Regional banking organisations argue the sector demonstrates a sound record of compliance with international rules, stressing that its efficiency is underpinned be a willingness to accept the supremacy of international resolutions.

The devil is in the detail, of course, and banks in Lebanon admit that no system is completely immune to infiltration, but there is no doubt the management systems which have evolved from one of the oldest continuously developed banking cultures in the world are firmly geared to one over-riding goal – to keep Beirut in its pole position as Mid-East financial super-hub, one with a major role to play regionally and across the world.

There’s a pzazz about this deeply ancient business finance tradition which is best summed up by the recent innovation from Byblos Bank (one of Lebanon’s top three) and digital security combine Gemalto. They teamed up to launch the Middle East’s first bio-sourced cash card, clearly indicating that the days of plastic are numbered.

Rather than just some flashy green gimmick, the move is designed to flag up in the most obvious way the importance renewables and conservation have in every single detail of bank management, since that is where gigantic levels of investment will be made in the future.
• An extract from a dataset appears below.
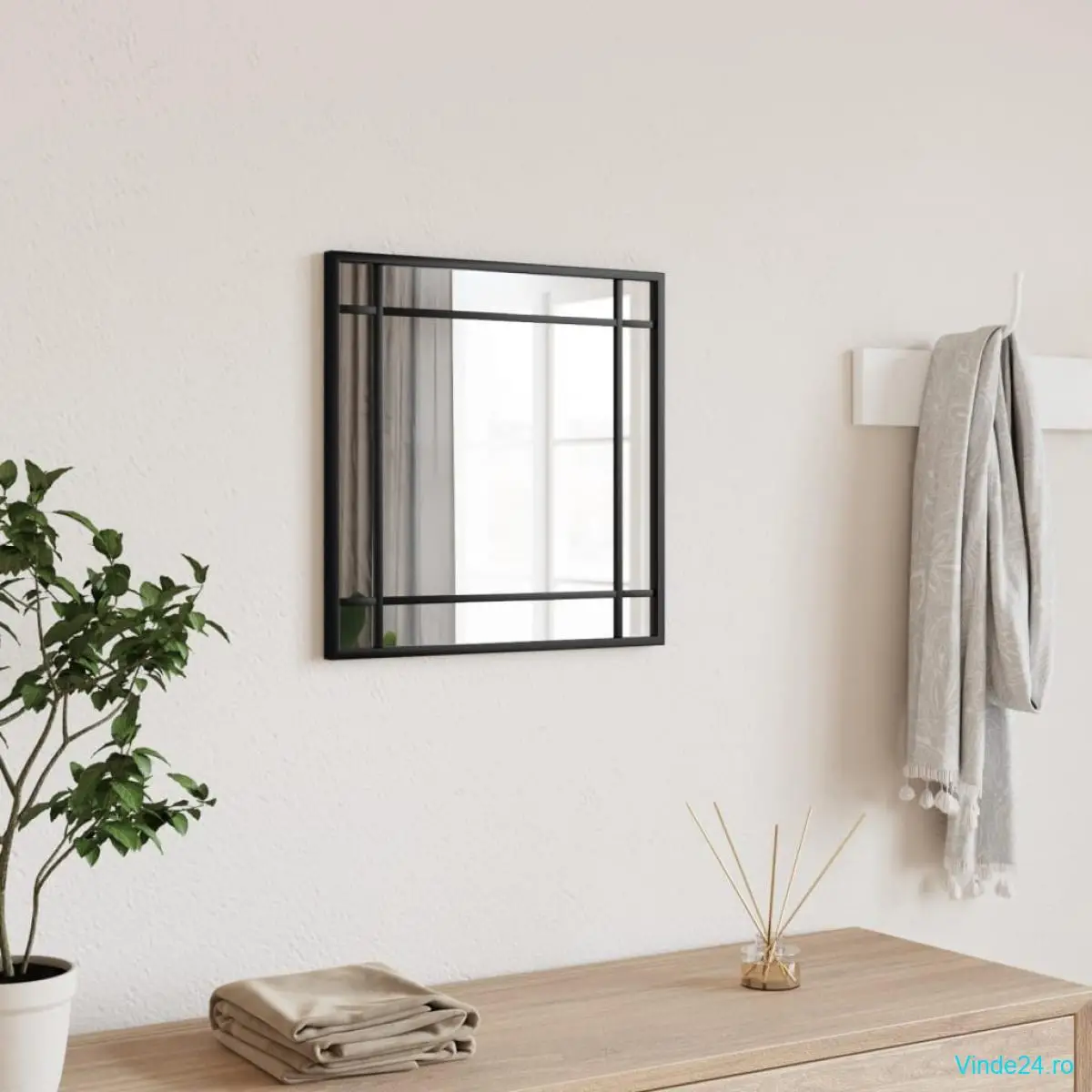 vidaXL Oglindă de perete, negru, 40x40 cm, pătrată, fier

Holders of the new cards will be offered incentives such as air miles or travel points under the bank’s loyalty programme, as a simple reward mechanism for engaging the customer in the whole concept of “green” in the most rudimentary way.
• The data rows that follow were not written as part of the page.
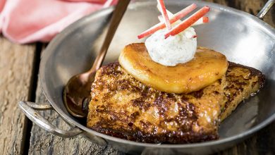 Pain d’épices façon pain perdu, Pink Lady® crue et caramélisée, crème au mascarpone vanillé
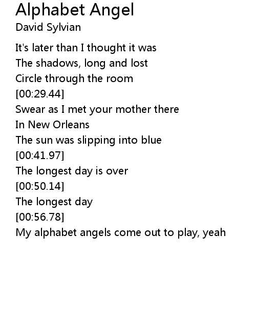 | [00:57.90] | My alphabet angels come out to play, yeah |
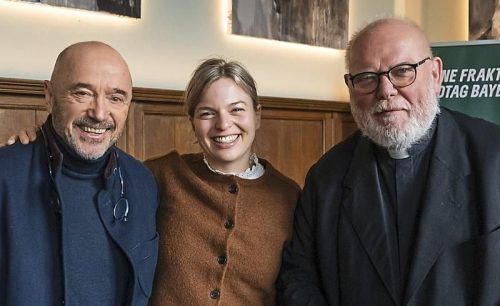 Austausch erwünscht: Kardinal Marx (r.) und Ski-Star Neureuther mit Grünen-Fraktionschefin Schulze. © Mörk/Grüne

The bank’s official explanation is that the card underlines Byblos’ strategic vision in evaluating and managing the environmental impact of every policy initiative it takes – and this policy will emphatically permeate every root and branch of the system.

Rather than being dyed in the wool, it seems, the biggest legacy of the sector’s long-established and complex traditions is a built-in propensity to develop new and profitable avenues for future growth – it has never been a climate in which successful banks have been content (or indeed able) to rest on their laurels.

Read the manifest for a major Lebanese banking player these days and you will immediately be confronted with a list of “must-haves” apparently thoroughly covered – for example advanced security, flexibility, good interest rates.

While this manifest continues to stack up from the customer’s point of view the system will continue to grow, in turn underpinning further growth.

It is an environment in which the banks are implicitly geared for expansion, and one whose obvious awareness of the volatile conditions in the wider region has led to the counter-measures judged to be best calculated to keep any threat to further development at bay.

This month the country’s caretaker Prime Minister told the Union of Arab Bank officials that the banking sector in Lebanon continued to enjoy steady growth in spite of “lingering political crises” – while noting the decline of tourism, flat growth in exports, and a slump in Arab investment.

The key to future growth and robust financial security is seen as a greater willingness by the wider apparatus of the Arab banking work to pool resources, reducing the need for international funding for what ought to be locally-managed development plans.

The dangers posed by the mercurial political situation are obvious, but at the same time the country is committed to a policy of non-interference in other countries’ affairs – and in the current climate it may prove crucial to the economy’s future health for this to be seen to be true.

A system with less international connectivity or resilience would surely buckle under the strain, but the Lebanon has always been a thriving financial centre – right back to the days of booming trade in ancient Tyre – and in the past has proved more than capable of riding out the most threatening storm.

Recent positive news about the sector, and despite the unpromising trading conditions, suggest it may be little different this time around.